Мы еще жили, как в коконе, в радужном пузыре, который мастерски
выдували в трубочку Леннон - Маккартни, еще ощущали себя непобедимыми
персонажами мультфильма "Желтая подлодка". С жизнью
здешней мы не были связаны, как дети. Нам еще предстояло родиться,
еще предстояло ощутить тяжелую глину на подошвах туфель.
Наша
рок-революция издыхала в скуке институтских лекций, под одуряющим
напором газетной чепухи; офицеры военных кафедр гнали ее стричься
в парикмахерскую, партсекретари заставляли спарывать сердечки
и яблочки с юбок и талдычили что-то о разлагающем влиянии
музыки "Битлз" на советскую молодежь. Наша рок-революция
превращалась в задерганную шизофреничку с бледным лицом, вздрагивающую
при первом звуке песен Пахмутовой. Ее "воспитывали".

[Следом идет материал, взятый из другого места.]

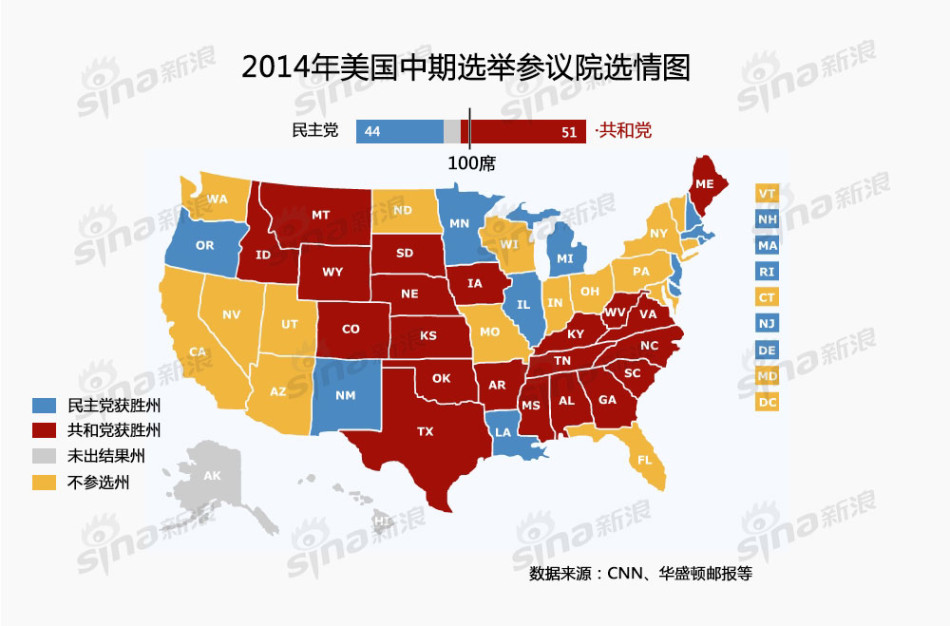 中新网11月5日电 据多家美国主流媒体预测,美国共和党在本届中期选举中,已经获得了控制参议院所需的过半席位,成功夺取参院控制权。 美国媒体预测显示,在参议院关键席位的竞选中,共和

Она обретала себя, превращаясь в изгоя, живущего на транквилизаторах.
Радужный
пузырь лопнул; мы разошлись по подвалам и углам, в ка морки
дворников и сторожей. Наступало время одиночества, тоски,
время молчания, а не игр - время Джима Моррисона, чья музыка
в конце семидесятых набирала тайную славу в России. Ни одной
его пластинки, конечно, фирмой "Мелодия" выпущено
не было. Но это не имело никакого значения. Мальчики-пустозвоны
и девочки-попрыгуньи учились плавать в автономном режиме,
как подводные лодки. Крепость человеку - он сам. Все, что
нам надо, у нас есть, даже если у нас ничего нет. Так приблизительно
звучала эта философия.
Что
нам был в нашем тогдашнем подполье этот американец с задумчи
выми глазами? Что нам был в нашей долгой зиме этот человек,
шатавшийся по калифорнийским пляжам с их пальмочками и гирляндами
цветных лампочек? Это надо было понять. Я вслушивался в музыку
Моррисона, сидя в подвале литературного Музея имени Пушкина,
где работал ночным сторожем. Там у меня тоже был старенький,
на ладан дышащий магнитофон "Дайна". Ночью я включал
в залах свет, рассматривал домовую книгу князя Вяземского
("...дано Его Сиятельством Пахому два рубля на дрова..."),
откидывал шнурок и нагло разваливался на диванчике с подогнутыми
ножками, которому было сто пятьдесят лет и на котором сиживал,
быть может, сам Александр Сергеевич. Потом спускался вниз,
в комнату с огнетушителем, щелкал тумблером, рукой подталкивал
катушку, помогая магнитофону тянуть. В низком сводчатом подвале
с маленькими, прорезанными в толстых стенах окнами, неподалеку
от портрета Ленина и бюста Пушкина, в самой середке впавшего
в паралич времени звучал голос американца Моррисона, певшего
о чем-то, что каким-то чудом оказывалось моей жизнью. Он пел
о побеге - побег был и нашей вечной темой. Нас тянуло в Америку,
в Израиль, в подвал, в сторожа, куда угодно, лишь бы ускользнуть
от одуряющего брежневского маразма. Но он-то, он-то, живший
в свободной и сытой стране, с правом на выезд, с возможностью
петь, что хочет, - он отчего бежал? По десять раз за ночь
в пустом музее я слушал его "Странные дни" и постигал
его. Он чувствовал в жизни ту несвободу, которая лежит глубже
всех социальных систем и которая не связана с бедностью и
богатством; эта несвобода жизни-самой-по-себе придавала музыке
горький привкус и заставляла Моррисона испускать на концертах
яростные вопли.
Я
собирал его пластинки годами. Одну купил в конце семидесятых
на черном рынке у человека с крашенными в фиолетовый цвет
волосами. Другую в начале восьмидесятых купил на деньги, вырученные
от продажи ондатровой шапки, подаренной родителями. Потом
у кого-то выменял "Звездную коллекцию", выпущенную
после смерти Моррисона фирмой МИДИ. На обложке этой пластинки
он был снят в движении, в обороте - вот уходил, и окликнули,
и глянул. И - глаза: глаза человека, уже знающего то, что
нам, может быть, еще предстояло узнать и понять в наших подвалах.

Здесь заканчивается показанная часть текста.